╭─ RAW DATA

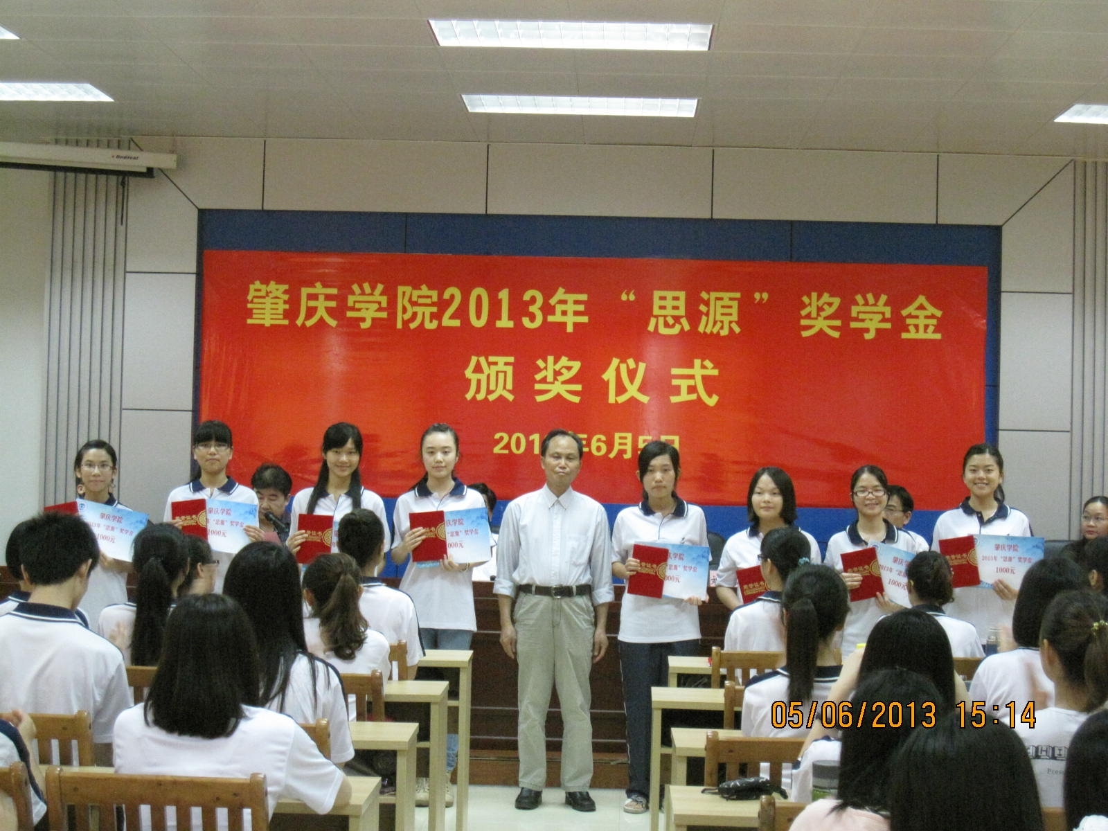 本年度总计33人次获得了该奖项。颁奖典礼上,徐杰书记首先介绍了 “思源”奖学金的历史和宣读了获奖学生名单。随后,各位领导向2013年获得“思源”奖学金的同学进行了颁奖,并对其寄予了深切厚望。在场同学以饱满的热情做出了积极的回应。
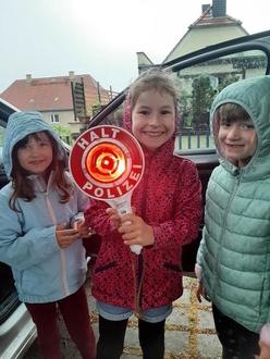 Am Donnerstag dem 07. Juni 2023 besuchte uns die Polizei aus Groitzsch. Die zwei netten Polizisten erklärten und zeigten uns verschiedene Verkehrszeichen, welche wir für den zukünftigen Schulweg kennen sollten. Danach probten wir das Gehen über die Straße. Auch das Einsatzfahrzeug dürfen wir uns von innen anschauen. Zum Schluss wurde unser “Neues Wissen“ anhand eines Quiz überprüft. Zum Glück hatten unsere Vorschüler gut aufgepasst und lösten die Aufgaben mit Bravour. Dafür erhielten sie einen Fußgängerpass. Ein toller Tag! Wir freuen uns auf das nächste Mal.
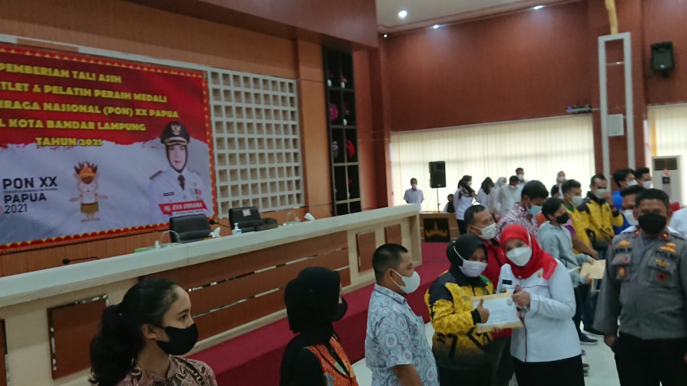 5W1HIndonesia.id, Bandar Lampung – Pemerintah Kota (Pemkot) Bandar Lampung memberikan tali asih kepada para atlet Kota Bandar Lampung yang berprestasi di ajang PON XX Papua Tahun 2021.
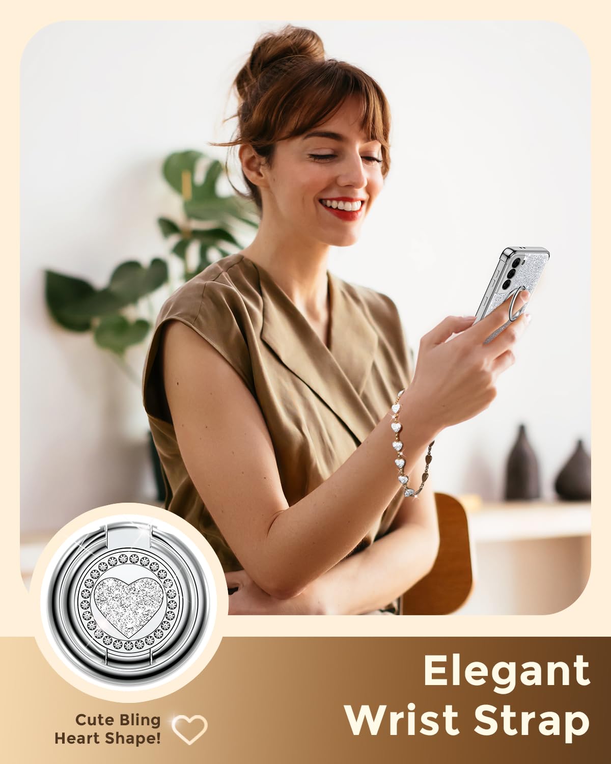 Q: How does the 360° ring stand work on this phone case?A: The 360° ring stand features a heart-shaped design that can rotate 360° and fold 180°, allowing you to comfortably hold your phone or prop it up for hands-free viewing.

╰─

PROBLEM TO SOLVE -> Copy the line showing "Am Donnerstag dem" exactly, along with each line after it through the end of the material above. Pictures stay out.

SOLUTION BELOW ->
 Am Donnerstag dem 07. Juni 2023 besuchte uns die Polizei aus Groitzsch. Die zwei netten Polizisten erklärten und zeigten uns verschiedene Verkehrszeichen, welche wir für den zukünftigen Schulweg kennen sollten. Danach probten wir das Gehen über die Straße. Auch das Einsatzfahrzeug dürfen wir uns von innen anschauen. Zum Schluss wurde unser “Neues Wissen“ anhand eines Quiz überprüft. Zum Glück hatten unsere Vorschüler gut aufgepasst und lösten die Aufgaben mit Bravour. Dafür erhielten sie einen Fußgängerpass. Ein toller Tag! Wir freuen uns auf das nächste Mal.
 5W1HIndonesia.id, Bandar Lampung – Pemerintah Kota (Pemkot) Bandar Lampung memberikan tali asih kepada para atlet Kota Bandar Lampung yang berprestasi di ajang PON XX Papua Tahun 2021.
 Q: How does the 360° ring stand work on this phone case?A: The 360° ring stand features a heart-shaped design that can rotate 360° and fold 180°, allowing you to comfortably hold your phone or prop it up for hands-free viewing.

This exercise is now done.